Could you please output all of the data exactly, without the images?

Information provided >>
┏━━

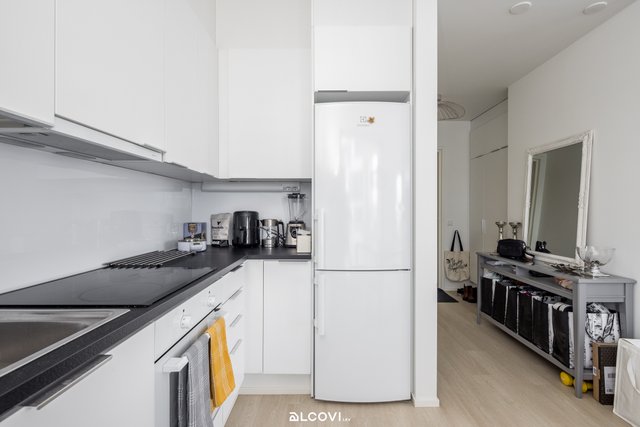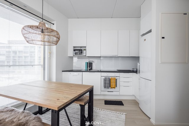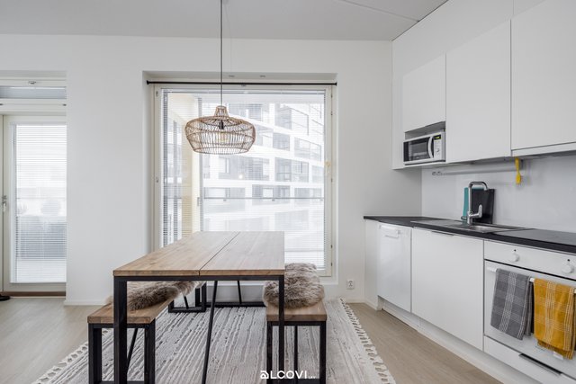 - Avokeittiön varustukseen kuuluu kalusteuuni, liesitaso (kapea), liesituuletin, jääkaappi-pakastin, astianpesukone (45 cm) ja tilavaraus mikroaaltouunille. Työtaso on laminaattia. Lattia on parkettia, seinät maalatut. Vesikiertoinen lattialämmitys.
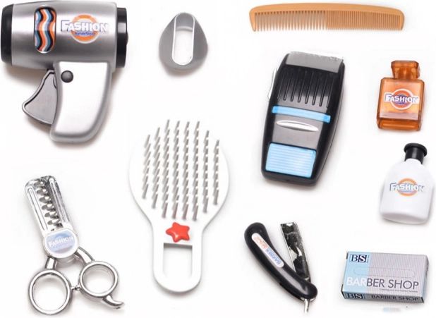 Il kit include tutti gli strumenti necessari per il gioco di fare il parrucchiere, dalle forbici da taglio alle bottiglie di shampoo e colonia.
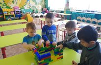 Может получиться дом.Дети разновозрастной группы строят дом конструктором "ЛЕГО"
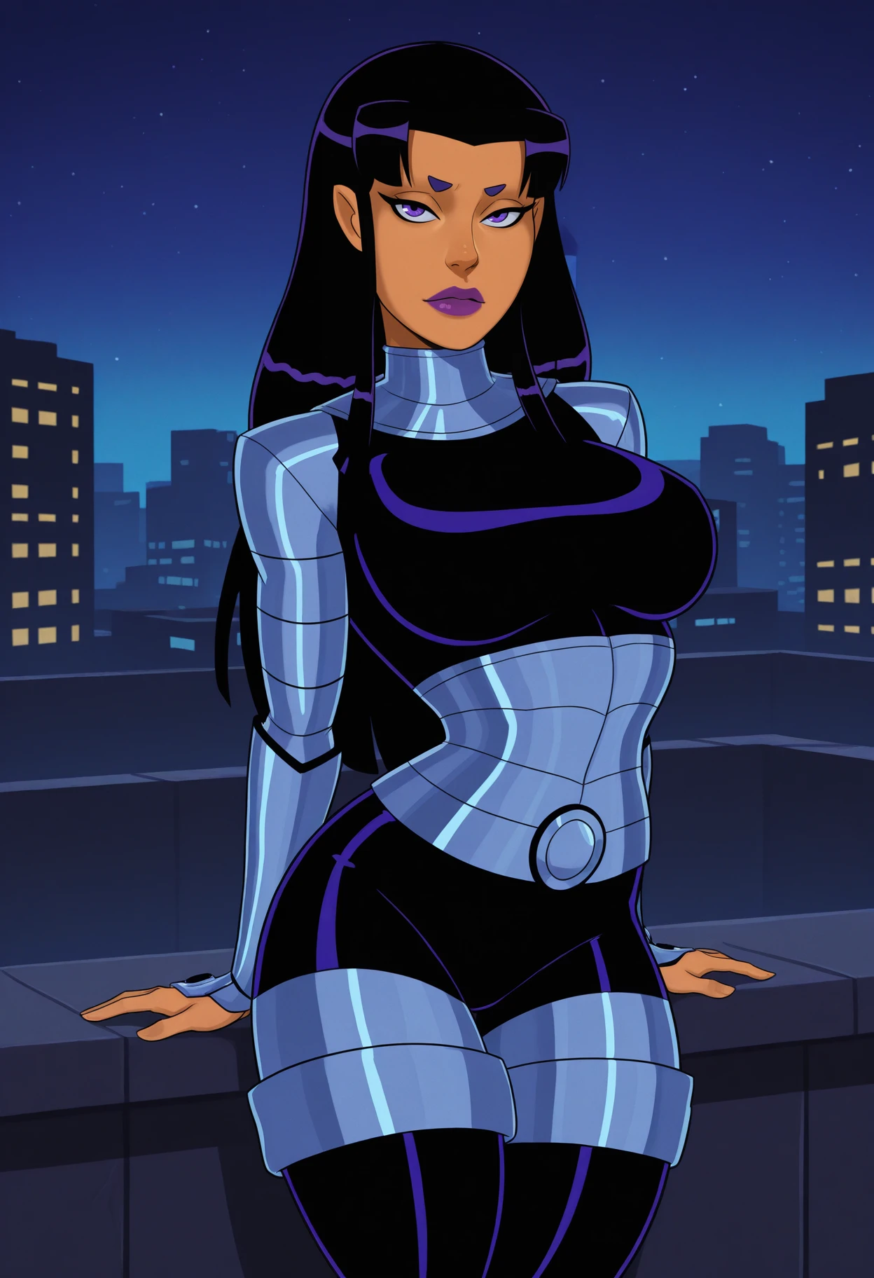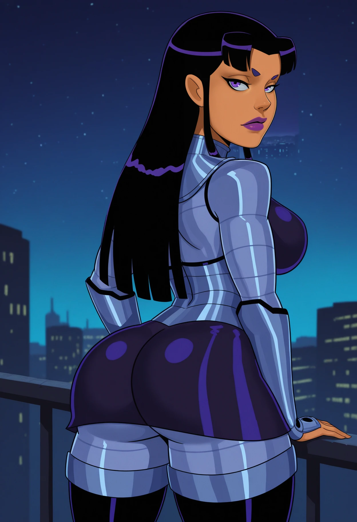 blackfire_hero_outfit, gorget, armor, bodysuit, shirt, thighhighs, You can support my work by following the link: https://boosty.to/nmackelie

┗━━

Response for this exercise >>
 - Avokeittiön varustukseen kuuluu kalusteuuni, liesitaso (kapea), liesituuletin, jääkaappi-pakastin, astianpesukone (45 cm) ja tilavaraus mikroaaltouunille. Työtaso on laminaattia. Lattia on parkettia, seinät maalatut. Vesikiertoinen lattialämmitys.
 Il kit include tutti gli strumenti necessari per il gioco di fare il parrucchiere, dalle forbici da taglio alle bottiglie di shampoo e colonia.
 Может получиться дом.Дети разновозрастной группы строят дом конструктором "ЛЕГО"
 blackfire_hero_outfit, gorget, armor, bodysuit, shirt, thighhighs, You can support my work by following the link: https://boosty.to/nmackelie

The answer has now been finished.